First, the IRS clearly states in publication 571 that “Generally only your employer may make contributions to your 403(b) account” through a salary reduction agreement and “this agreement allows your employer to withhold money from your paycheck to be contributed directly into a 403(b) account for your benefit” (emphasis added). Thus the IRS requires school districts to make contributions directly to your 403(b) account; they cannot be made through an intermediary that is not a direct agent of the district. What this means is that money withheld from an employee’s paycheck should not be going to a company that simply re-forwards the money to another entity (presumably a 403(b) vendor). This appears to be a violation of IRS rules and regulations.
Second, even if it isn’t a violation of IRS rules and regulations to send money to an entity that is not the product vendor it should be a practice that is frowned upon as the district has absolutely no control of the entity it is forwarding the money too. If the entity a district forwards money too goes bankrupt or just steals the money before sending it to the actual provider the employee has lost money. Presumably the school district should have exercised better fiscal control and will in the end reimburse the employee for the losses incurred by the intermediary. School employees and school districts are financially exposed to these “403(b) intermediaries” and should not forward money to them. In fact, a district should research vendors before allowing them on an approved vendor list to ensure that the vendor actually offers a product and that school employee money will go directly to that product (as required by the IRS). Districts are not currently doing this and are left exposed. Districts should be actively policing and auditing their vendors.
The third reason these “403(b) intermediaries” are dangerous is because they act as a middleman in the process and drive up the cost of products and make compliance nearly impossible for a school district.
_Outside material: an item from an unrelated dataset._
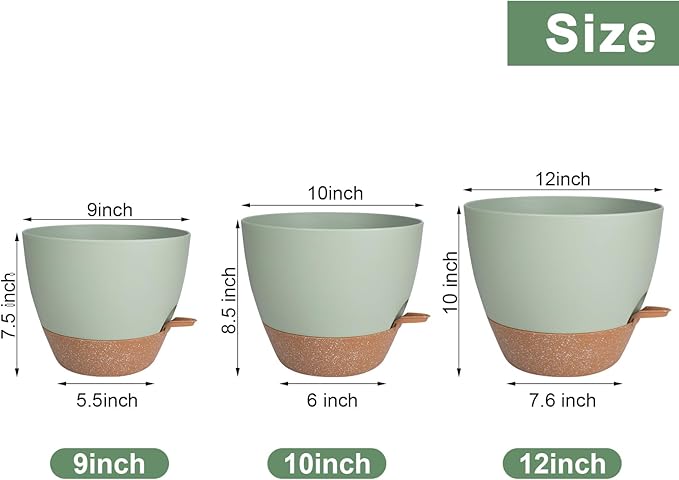 Plant Pots, Self Watering Planters for Indoor Plants with Drainage Hole, Plastic Flower Pot for Succulents, African Violet (Green, 12/10/9)
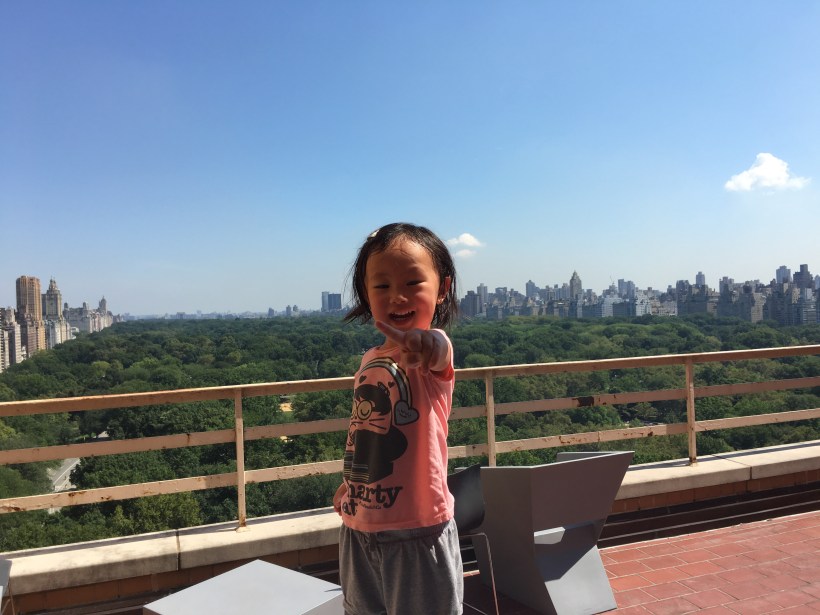Chelsea 跟著爸爸一起在紐約出差了一個星期後,準備要回芝加哥了。臨走前,我們到短期租的公寓頂樓公共露台看風景拍照留念。在這露台上,整個中央公園,幾乎盡收眼底。

How is a school district supposed to monitor loans, hardships, and other distributions when it doesn’t even know who has their employee’s money?
If you take the above three events and combine them with the fact that 403(b) products on the whole benefit the financial services industry more than the employees they are suppose to serve you have a situation of The Perfect Storm.
This Perfect Storm will combine to force the pendulum to swing from an industry in favor of financial services companies (and agents) to an industry that favors the end user, the participant. There are many ways this can happen, but I believe the best way is for school districts to combine with other school districts (combine buying power) and to move toward a fiduciary based Single Vendor System.
A Single Vendor System would solve all the above mentioned problems and if done right could save hundreds of millions of dollars annually while improving the 403(b). This system I envision is one that has been rejected outright by the leaders of the NTSAA (the trade organization that represents the 403(b) industry) because they believe it will hurt the agents who are their members. School districts, their unions, and their employees must come together for once on this issue and stand up to the financial services industry that controls the 403(b) and find a better way.
There is a better way; the winds of change are beginning to blow.